Table 7.
Developmental status of modulators of mucus-mediated airway obstruction for COPD
| Mediator | Role in COPD | Drug | Clinical development | References |
|---|---|---|---|---|
| Epidermal growth factor receptor (EGFR) | EGFR regulates mucin stores in airway epithelium, which are significantly increased in COPD. | BIBW 2948 (inhibits EGFR autophosphorylation) | Inhalation of BIBW 2948 (4-week treatment) in DBPCRT (NCT00423137) reduced internalization of EGFR but did not reduce mucin stores; BIBW 2948 treatment was associated with higher discontinuation rate (24%) than placebo (4.3%). FEV1 in the higher dose group significantly declined by visit 5 but returned to baseline by visit 7. | 134 |
| Myristoylated alanine-rich C kinase substrate (MARCKS) | Mediates movement of mucin granules to the apical membrane as part of mucin exocytosis. | BIO-11006 | A 21-day phase II DBPCRT of BIO-11006 (inhaled) in COPD (NCT00648245) has been completed; a 2011 abstract reported improved lung function and reduced mucus hypersecretion. | 98, 135, 136 |
| Epithelial sodium channel | Role in homeostasis of mucus hydration, ciliary beating, and clearance of mucus. | GS-5737; compound A | Study of effects of GS-5737 on ciliary action in healthy controls (NCT01793649) was terminated. Preclinical study of compound A shows improved ciliary movement, mucus clearance, and airway hydration. | 137 |
| Multiple mechanisms | ||||
| Anti-inflammatory and mucolytic | Inflammation, oxidative stress and mucus hypersecretion are well-established in COPD. | N-acetylcysteine (NAC) | The 1-year DBPCRT PANTHEON trial found 600 mg bid NAC reduced exacerbations in patients with GOLD II–III COPD (Chinese Clinical Trials Registry TRC-09000460), as did a smaller study (NCT01136239) that found a reduction only in high-risk patients but also observed improvement in airway function.

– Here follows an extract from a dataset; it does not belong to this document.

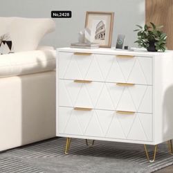 3 Drawer Wide Nightstand with Charging Station, 27.6 Inch Wood Nightstand, Dresser with Storage Drawers, Bedside Table with Metal Handle & Leg,White$75El Monte, CA
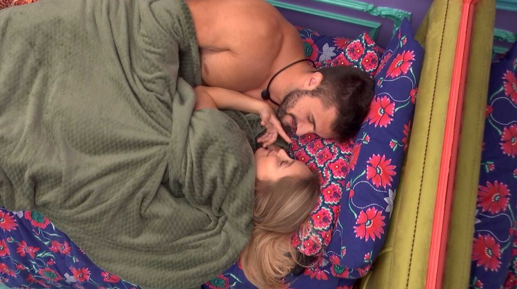 Carla tira a coberta e os dois se divertem com a situação a e voltam a trocar beijos.

However, two lower dose studies (600 mg/day) (NCT00184977; not registered) found no benefit while another (not registered) did. | 12, 90–94, 138, 139 |
| Mucolytic, anti-inflammatory, antioxidant, promotes activity of antibiotics | Inflammation, oxidative stress, and mucus hypersecretion are well-established in COPD. | Erdosteine | DBPCRT (NCT00338507) to test daily erdosteine for 28 days. After 4 weeks, erdosteine treatment significantly reduced plasma oxidant levels and increased %FEV1 reversibility by salbutamol treatment. In other reported studies, addition of erdosteine for 7–10 days reduced duration of acute exacerbations, while long-term treatment in stable COPD reduced exacerbations and improved quality of life. | 88, 89 |
| Cystic fibrosis transmembrane conductance regulator (CFTR) | One study found that CFTR is downregulated in smokers with and without COPD; another found that expression of CFTR inversely correlated with emphysema severity. | Ivacaftor potentiates chloride transport | A pilot DBPCRT of ivacaftor (NCT02135432) (treatment up to 2 weeks) with outcome assessed by sweat chloride has been completed. | 140, 141 |
Abbreviations: DBPCRT, double-blind, placebo-controlled, randomized trial; FEV1, forced expiratory volume in 1 second; GOLD, Global Initiative for Chronic Obstructive Lung Disease.